The system architecture, as depicted in its flowchart, centers around a Core component that orchestrates interactions between various modules. Key technical components include:

  1. Memory System: Utilizes in-browser databases for persistence and contextual memory. DuckDB WASM provides a pure in-browser SQL database solution, and pglite offers a PostgreSQL-compatible in-browser database. A work-in-progress Memory Alaya system further enhances memory management, potentially incorporating advanced contextual understanding. Memory_PGVector is integrated for vector embeddings, supporting similarity search for retrieval-augmented generation (RAG).
  2. LLM Integration (xsAI): The project's language model capabilities are powered by xsAI, an internal lightweight SDK for interacting with various LLM APIs. This highly modular system supports a wide array of commercial and open-source LLM providers including OpenAI, Anthropic Claude, Google Gemini, Groq, Mistral, and local inference solutions like vLLM and Ollama.
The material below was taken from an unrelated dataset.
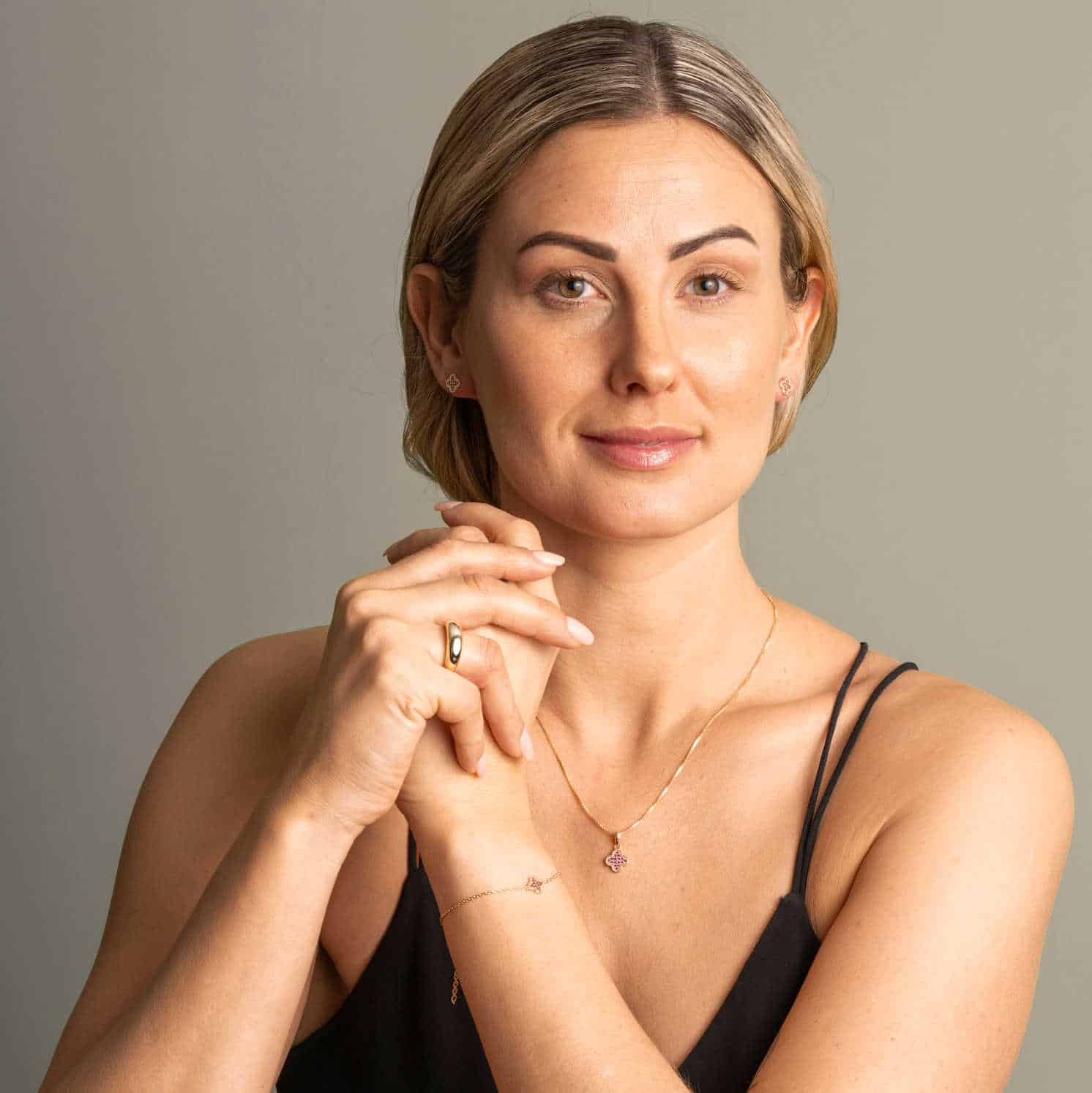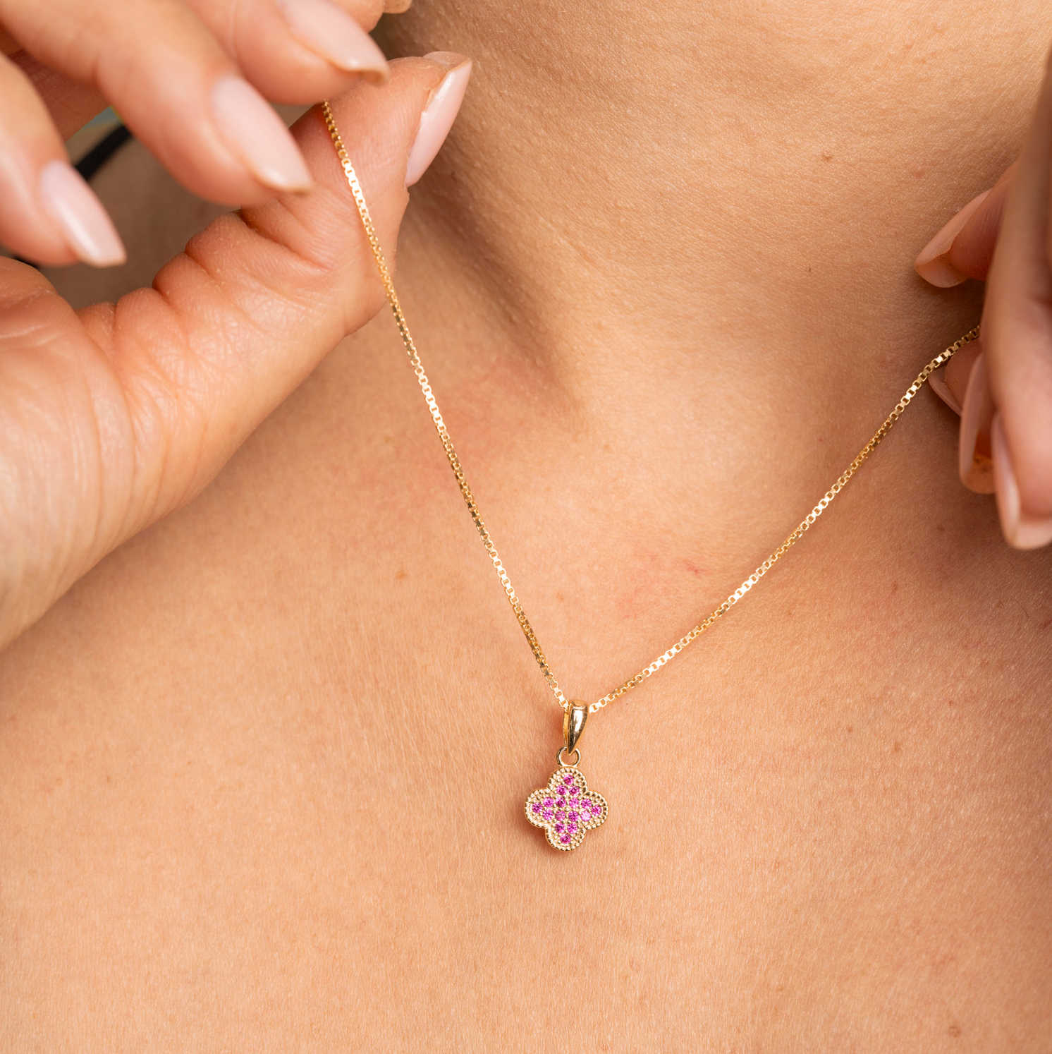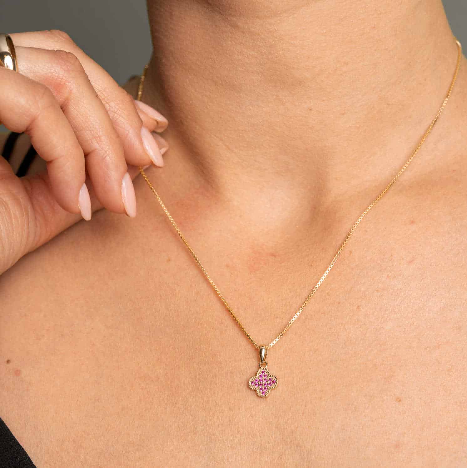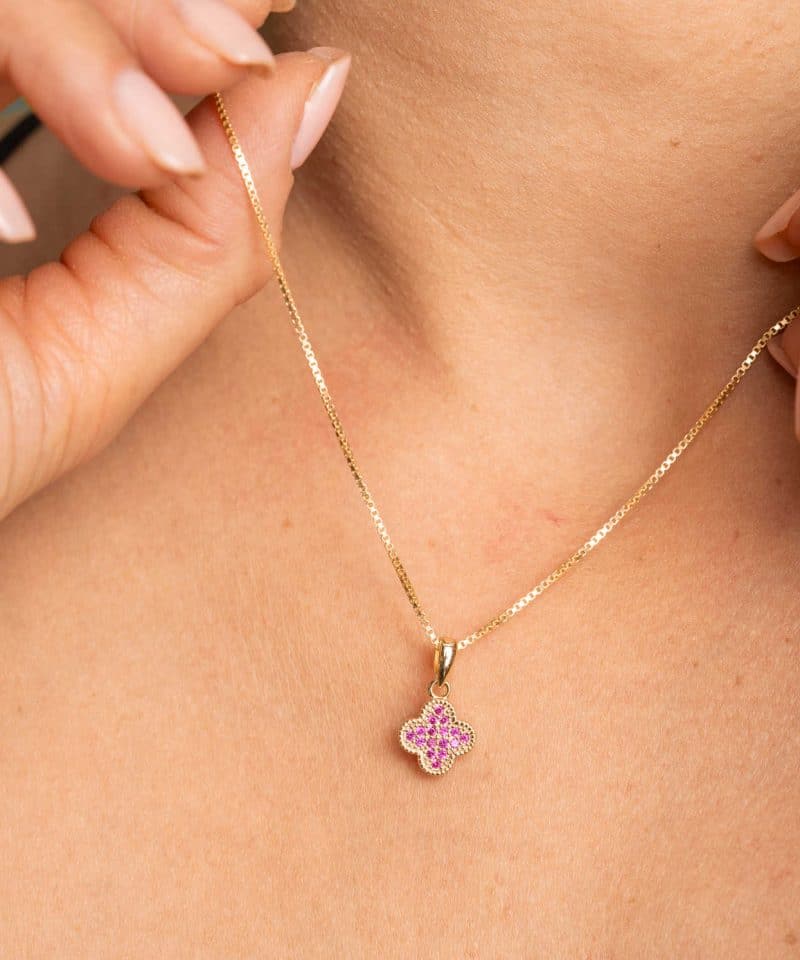 Smykke i sølv med rosa zirkonia kløver

This modularity allows for diverse conversational capabilities and model flexibility.
  3. Sensory Input (Ears) & Output (Mouth):
    • Speech Recognition (STT): Handles audio input from the browser or Discord clients. It performs client-side speech recognition and talking detection. unspeech acts as a universal endpoint proxy for ASR (Automatic Speech Recognition) and TTS (Text-to-Speech) services.
    • Speech Synthesis (TTS): Leverages third-party services like ElevenLabs for high-quality voice synthesis, enabling the AI character to "speak."
  4. Body (Visuals):
    • VRM Support: Allows integration and control of 3D VRM models, including dynamic animations (auto-blink, auto-look-at, idle eye movements) to enhance realism.
    • Live2D Support: Provides similar control over 2D Live2D models, enabling expressive character animations.
  5. Game Integration: A defining feature is the ability to interact with external applications, specifically games.
    • Factorio Agent (F_AGENT): Connects to Factorio servers via Factorio RCON API and utilizes the autorio library for in-game automation.
    • Minecraft Agent (MC_AGENT): Uses Mineflayer to interact with Minecraft servers.
These agents receive commands and provide feedback to the Core system, which then integrates game state into the character's responses and actions.
  1. UI Components: The front-end is built with Vue.js, TypeScript, and features StageUI for visual rendering, along with various UI and font libraries.

The project differentiates itself from other open-source VTuber projects by its deep integration of Web technologies from day one, its hybrid web/native performance architecture, and its comprehensive suite of features encompassing memory, multi-modal interaction, and game integration. It actively seeks contributions from developers, artists, and designers, fostering a collaborative environment to realize its vision of advanced digital companions.